#### MATERIAL SUPPLIED
------------------------
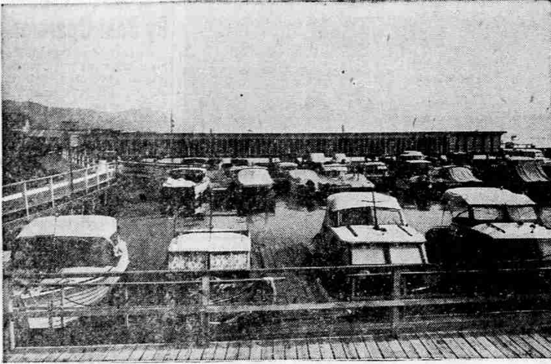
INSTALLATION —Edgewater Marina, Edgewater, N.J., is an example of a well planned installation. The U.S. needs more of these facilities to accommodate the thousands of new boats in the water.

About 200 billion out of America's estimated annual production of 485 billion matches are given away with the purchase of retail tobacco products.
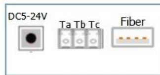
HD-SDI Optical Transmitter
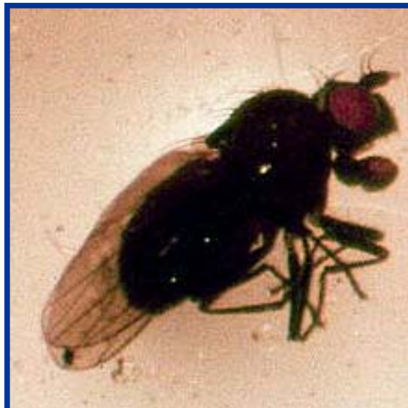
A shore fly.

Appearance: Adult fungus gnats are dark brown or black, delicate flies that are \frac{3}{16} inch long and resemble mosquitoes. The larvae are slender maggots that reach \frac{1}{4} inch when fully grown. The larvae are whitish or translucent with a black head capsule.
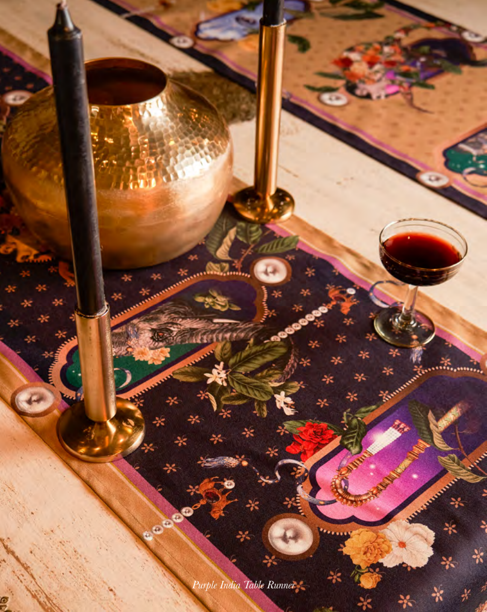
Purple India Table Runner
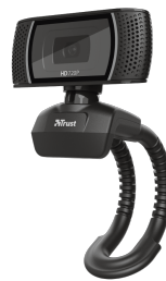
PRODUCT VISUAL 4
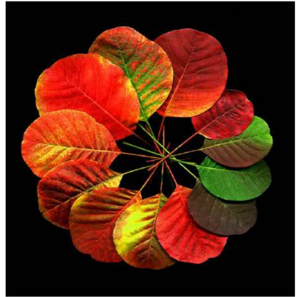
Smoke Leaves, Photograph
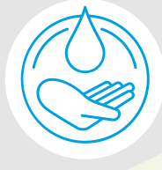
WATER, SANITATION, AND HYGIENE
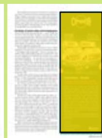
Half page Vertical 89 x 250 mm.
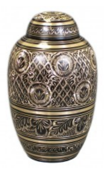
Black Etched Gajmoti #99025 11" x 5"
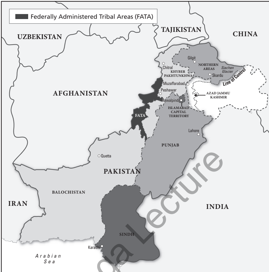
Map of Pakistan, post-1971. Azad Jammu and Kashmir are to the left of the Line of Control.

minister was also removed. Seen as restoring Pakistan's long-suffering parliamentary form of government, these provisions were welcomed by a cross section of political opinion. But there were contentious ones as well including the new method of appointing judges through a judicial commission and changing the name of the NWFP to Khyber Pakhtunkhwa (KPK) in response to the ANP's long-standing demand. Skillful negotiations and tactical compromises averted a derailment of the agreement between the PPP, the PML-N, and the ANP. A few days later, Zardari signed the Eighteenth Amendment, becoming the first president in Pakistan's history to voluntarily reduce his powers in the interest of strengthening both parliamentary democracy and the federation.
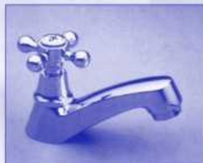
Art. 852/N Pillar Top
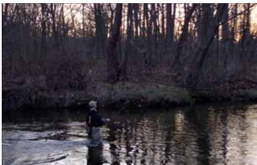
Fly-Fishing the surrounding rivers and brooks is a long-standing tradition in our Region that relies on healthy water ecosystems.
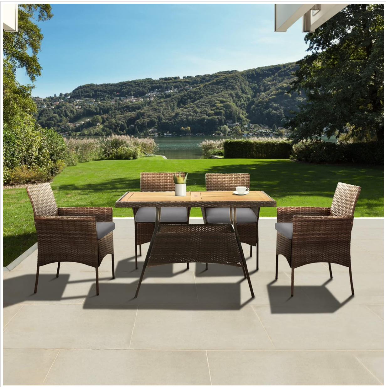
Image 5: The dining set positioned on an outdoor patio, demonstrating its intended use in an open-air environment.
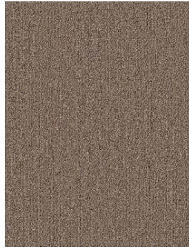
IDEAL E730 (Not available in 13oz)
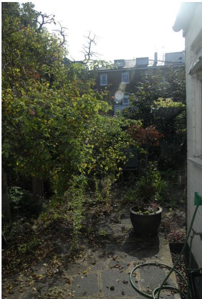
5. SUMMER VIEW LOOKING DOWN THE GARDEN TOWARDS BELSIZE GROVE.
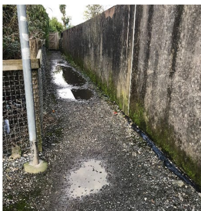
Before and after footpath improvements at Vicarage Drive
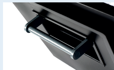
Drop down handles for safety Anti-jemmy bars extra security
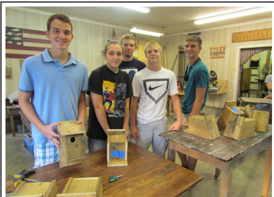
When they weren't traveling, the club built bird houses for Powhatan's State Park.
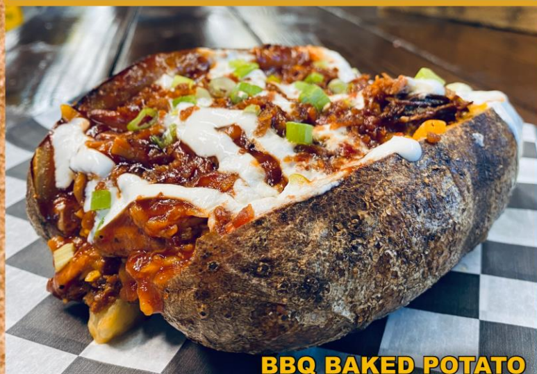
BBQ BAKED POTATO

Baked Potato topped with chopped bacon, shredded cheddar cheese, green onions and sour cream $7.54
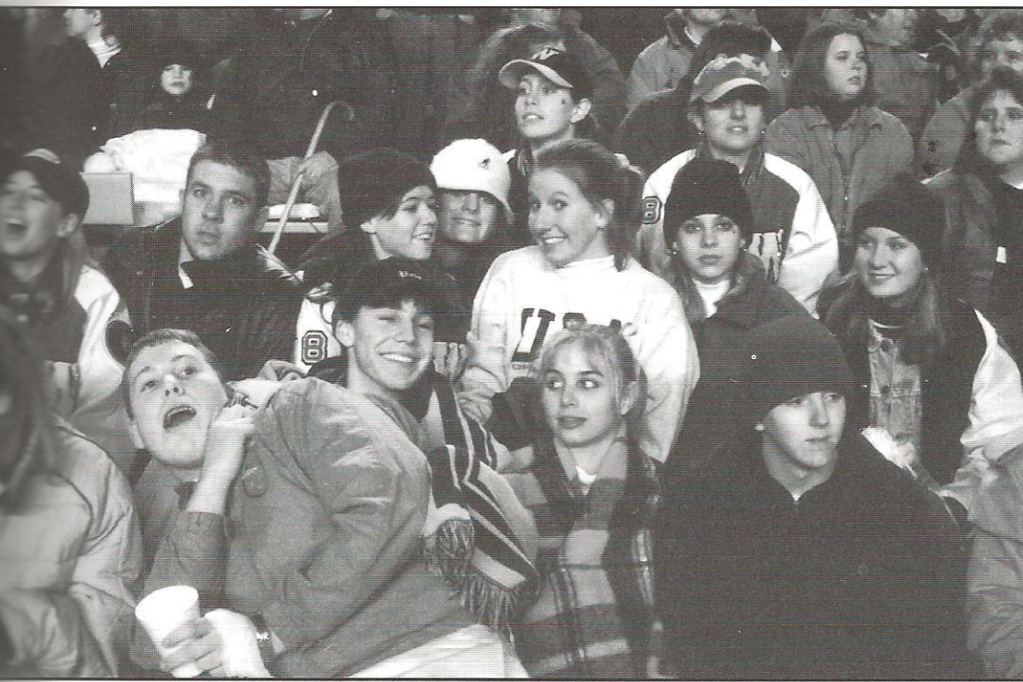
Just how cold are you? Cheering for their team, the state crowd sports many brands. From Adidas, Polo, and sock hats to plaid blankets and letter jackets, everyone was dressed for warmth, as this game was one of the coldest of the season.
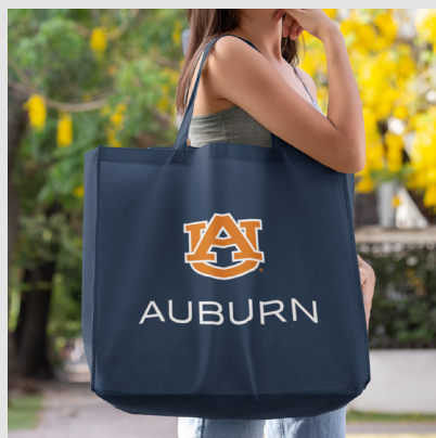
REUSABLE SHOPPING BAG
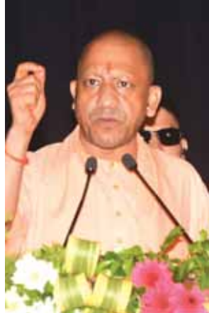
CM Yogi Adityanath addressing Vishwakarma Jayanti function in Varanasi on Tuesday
------------------------
#### YOUR ASSIGNMENT
Among the records above, locate the line containing "Appearance: Adult fungus" and the line containing "Map of Pakistan, post-1971.", then transcribe exactly the lines starting at the first and ending at the second, with no pictures.

#### THE COMPLETED TASK
Appearance: Adult fungus gnats are dark brown or black, delicate flies that are \frac{3}{16} inch long and resemble mosquitoes. The larvae are slender maggots that reach \frac{1}{4} inch when fully grown. The larvae are whitish or translucent with a black head capsule.
Purple India Table Runner
PRODUCT VISUAL 4
Smoke Leaves, Photograph
WATER, SANITATION, AND HYGIENE
Half page Vertical 89 x 250 mm.
Black Etched Gajmoti #99025 11" x 5"
Map of Pakistan, post-1971. Azad Jammu and Kashmir are to the left of the Line of Control.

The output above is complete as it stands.